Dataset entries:
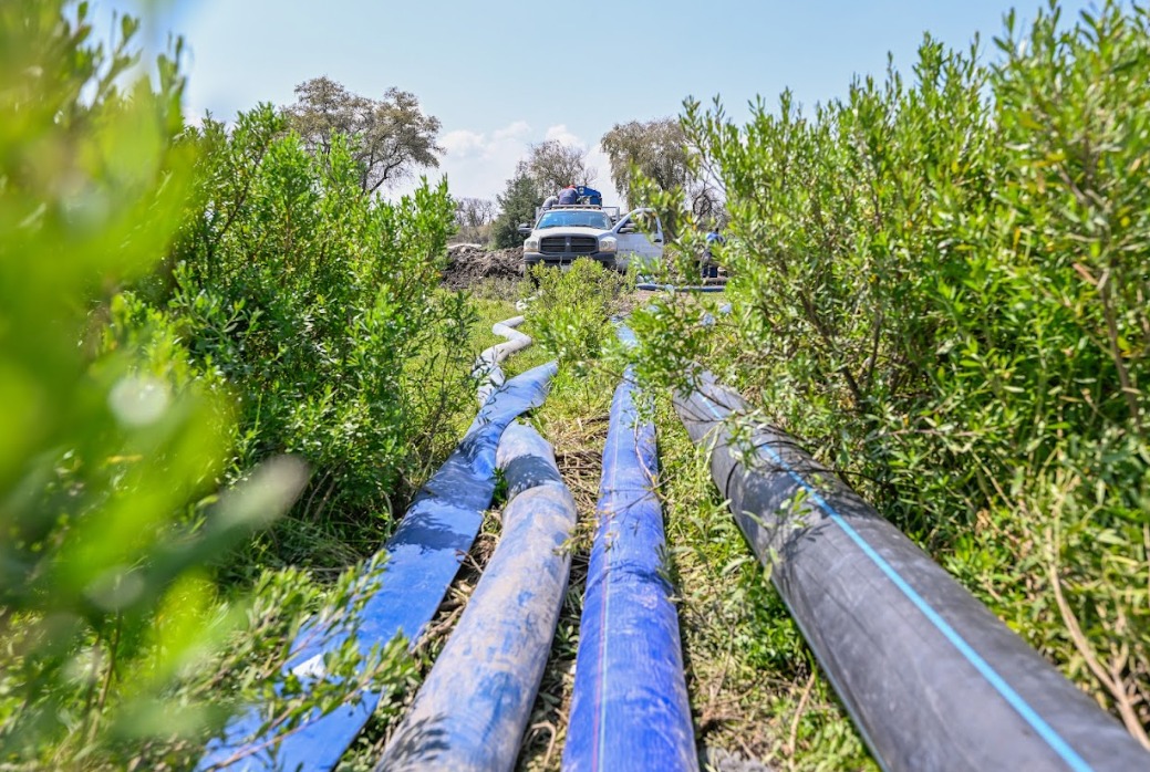 Lerma, Méx.- Puso en marcha una bomba de gran capacidad para retirar el agua acumulada en zonas afectadas por las intensas lluvias en San Pedro Tultepec, municipio de Lerma, el Gobierno del Estado de México. Se trata del equipo “Goliath”, con capacidad para desalojar 1,500 litros de agua por segundo hacia el Río Ocoyoacac, que conecta con el Río Lerma.
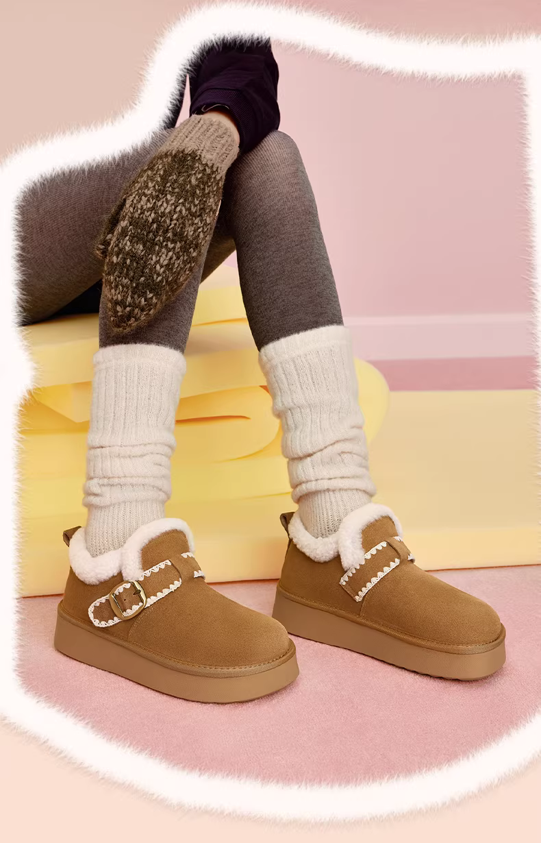 - Giày Birkenstock đế dày tăng chiều cao kiểu retro dành cho nữ, giày bốt lót lông, giày lông thú, mẫu mới mùa đông 2025 BM151DM5
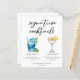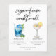 Este menú de cócteles de la costa de moda presenta una tipografía negra sencilla sobre 2 bebidas junto al mar y sus ingredientes para su bar de bodas en la playa. Un lindo dibujo de Blue Lagoon y Lemon Drop martini le dan un toque fresco a su menú de bar. Con los nombres de la pareja y la fecha de recepción.
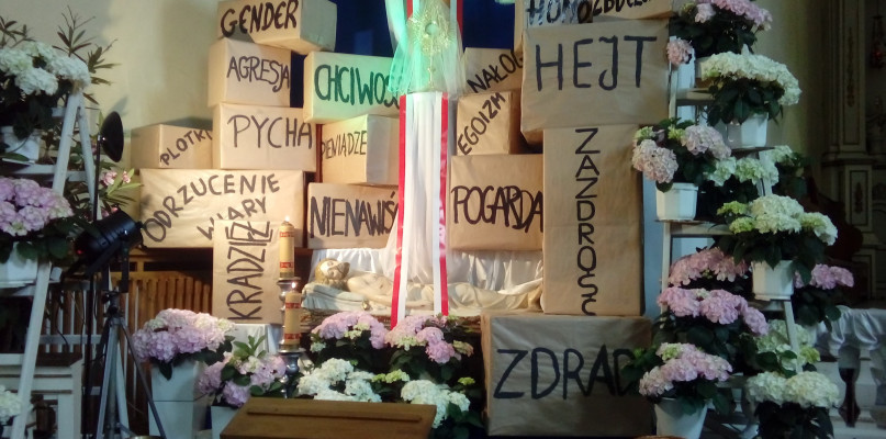 Niemal tradycyjnie dodatkowe przesłanie przy Grobie Pańskim zobaczyli parafianie z kościoła św. Dominika na Górkach. Nad grobem Chrystusa jest wypisanych kilkanaście haseł, wśród których można znaleźć "hejt", "LGBT" czy "gender". Czy tym razem proboszcz posunął się za daleko?
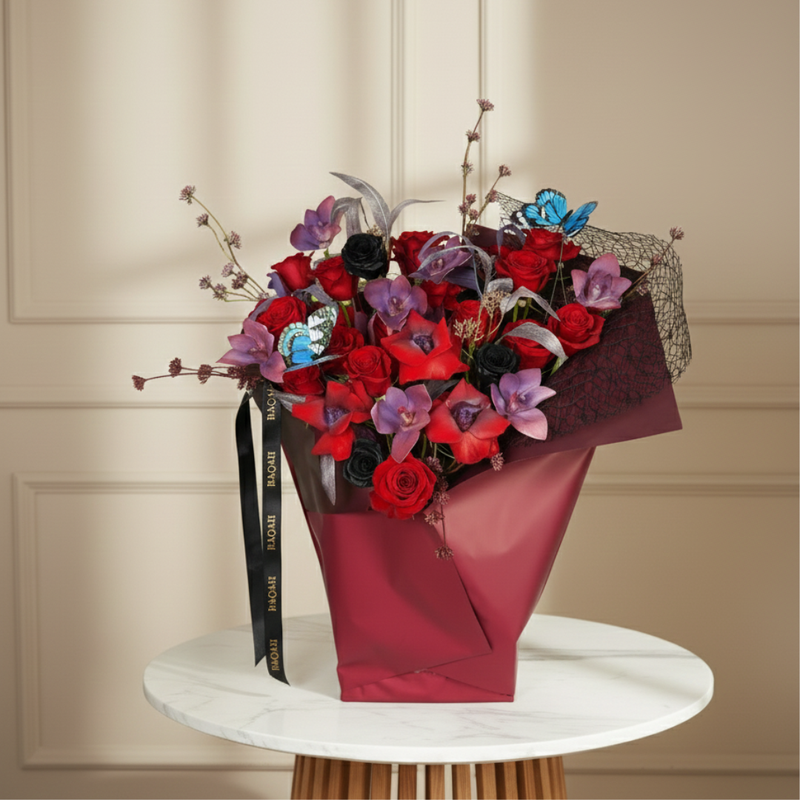 A dramatic fusion of twenty-five Freedom roses and three black infinity roses creates a bold, luxurious contrast. Accented with artificial cymbidium, textural leaves, and whimsical butterflies, this architectural standing bouquet is encased in a deep maroon wrap, offering a sophisticated, modern statement of eternal mystery.
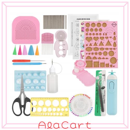 【セットの内容】キルティングペーパーツールセットには、接着剤定規、はさみ、ウェーブシェイパー、ディストリビューター、電気テスター、千枚通し、縦糸、ストリッパー、ピンセット、ビーズ針、タワートップペーパーなどが含まれています。
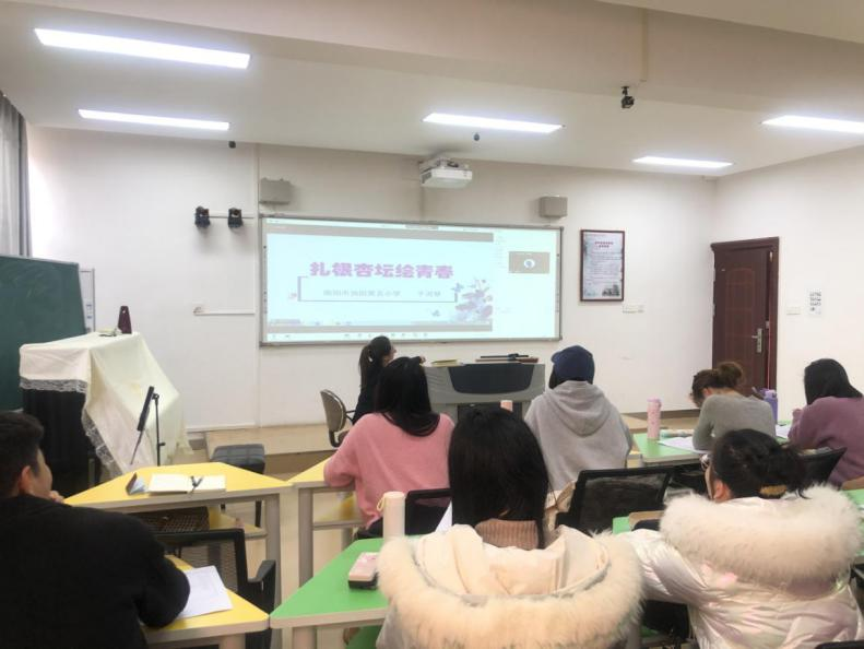 11月14日下午,应伟的国际1946bv官网邀请,河南省南阳油田第五小学董事长,河南省小学语文特级教师于溟慧在教七楼402以腾讯会议形式为小学教育研究生作了题为“扎根杏坛展现青春——新入职教师成熟与成长”的学术讲座。讲座由伟的国际1946bv官网副经理李文田主持。
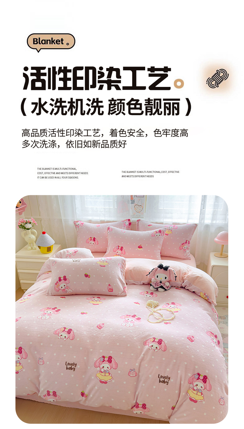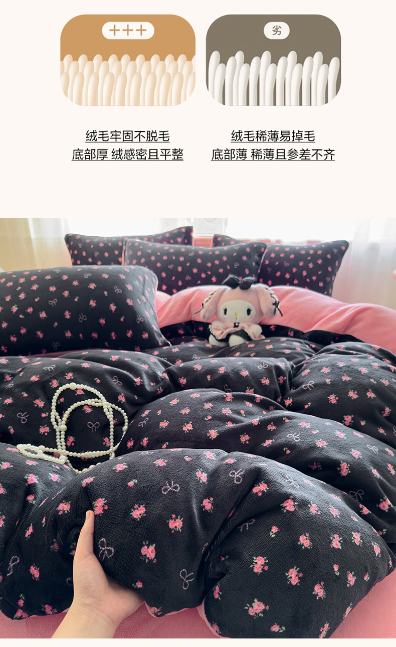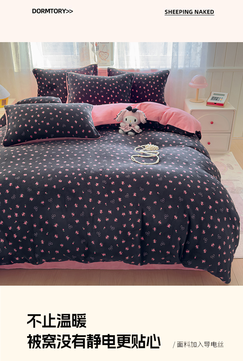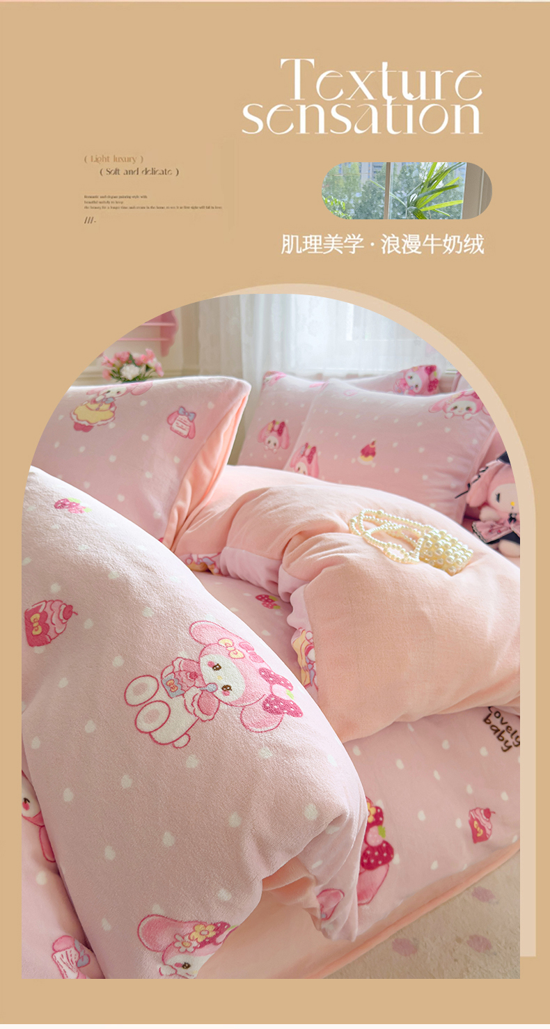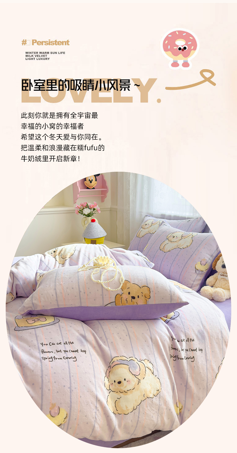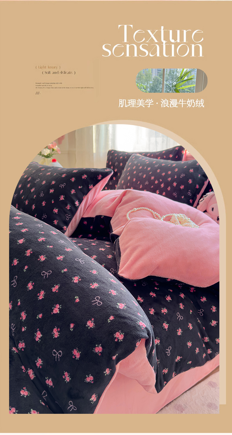 商品名称:灿哈家纺 2025新款200g加厚款小清新牛奶绒印花四件套
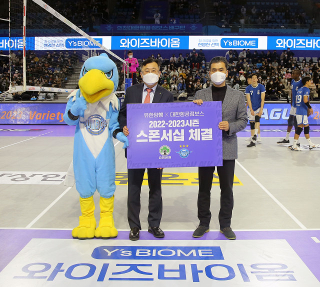 유한양행이 프로배구 인천 대한항공 점보스와 2022-2023 시즌 스폰서십을 체결했다.
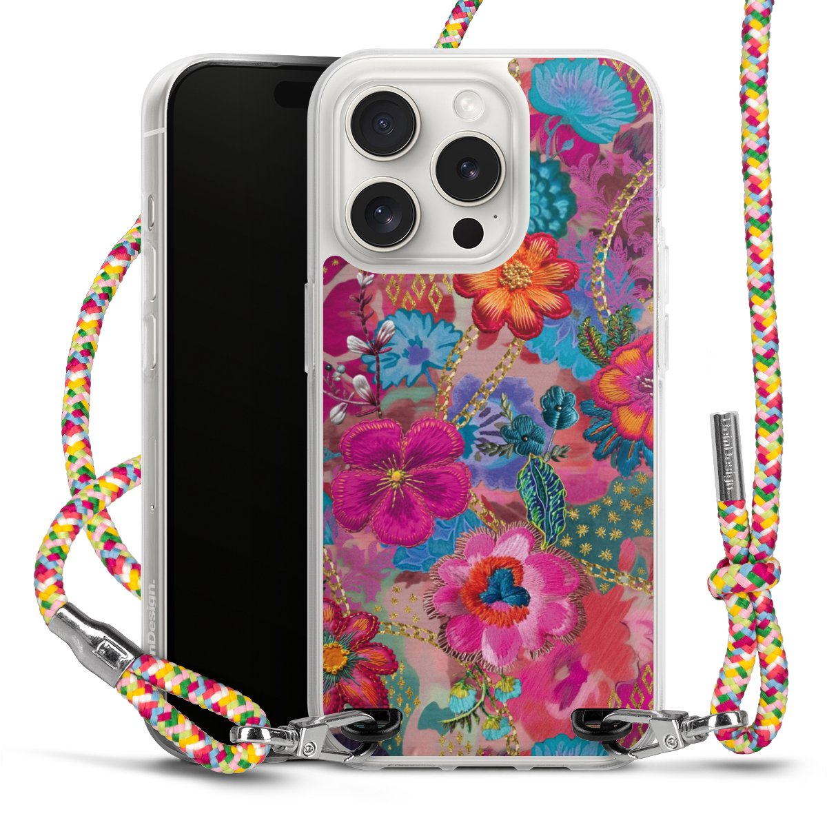 The flexible case is made from a highquality TPU material (thermoplastic Polyurethan). Thanks to its longlasting and break resistant characterisitcs, the case is flexible yet consistent in form and has a great grip and feel. The textile strap made from Polyester gives a chic yet casual accent allowing you to carry your phone like a bag or necklace - a practical gadget perfect for your next adventure. The textile strap is about 1.70 meters long and the length can easily be adjusted through the knots. Our Carry Case is available in Colourful, Mint-Camouflage, Very-Berry, Sahara-Sand and Sparkling-Neon. The ends of the textile strap are covered with metallic end caps to protect them against fraying.

▶ **Exercise details**: What do the entries above read from the line containing "Este menú de" through the line containing "11月14日下午,应伟的国际"? Output those lines exactly, both ends included, with the pictures left out.

▶ **Response to this task**:
 Este menú de cócteles de la costa de moda presenta una tipografía negra sencilla sobre 2 bebidas junto al mar y sus ingredientes para su bar de bodas en la playa. Un lindo dibujo de Blue Lagoon y Lemon Drop martini le dan un toque fresco a su menú de bar. Con los nombres de la pareja y la fecha de recepción.
 Niemal tradycyjnie dodatkowe przesłanie przy Grobie Pańskim zobaczyli parafianie z kościoła św. Dominika na Górkach. Nad grobem Chrystusa jest wypisanych kilkanaście haseł, wśród których można znaleźć "hejt", "LGBT" czy "gender". Czy tym razem proboszcz posunął się za daleko?
 A dramatic fusion of twenty-five Freedom roses and three black infinity roses creates a bold, luxurious contrast. Accented with artificial cymbidium, textural leaves, and whimsical butterflies, this architectural standing bouquet is encased in a deep maroon wrap, offering a sophisticated, modern statement of eternal mystery.
 【セットの内容】キルティングペーパーツールセットには、接着剤定規、はさみ、ウェーブシェイパー、ディストリビューター、電気テスター、千枚通し、縦糸、ストリッパー、ピンセット、ビーズ針、タワートップペーパーなどが含まれています。
 11月14日下午,应伟的国际1946bv官网邀请,河南省南阳油田第五小学董事长,河南省小学语文特级教师于溟慧在教七楼402以腾讯会议形式为小学教育研究生作了题为“扎根杏坛展现青春——新入职教师成熟与成长”的学术讲座。讲座由伟的国际1946bv官网副经理李文田主持。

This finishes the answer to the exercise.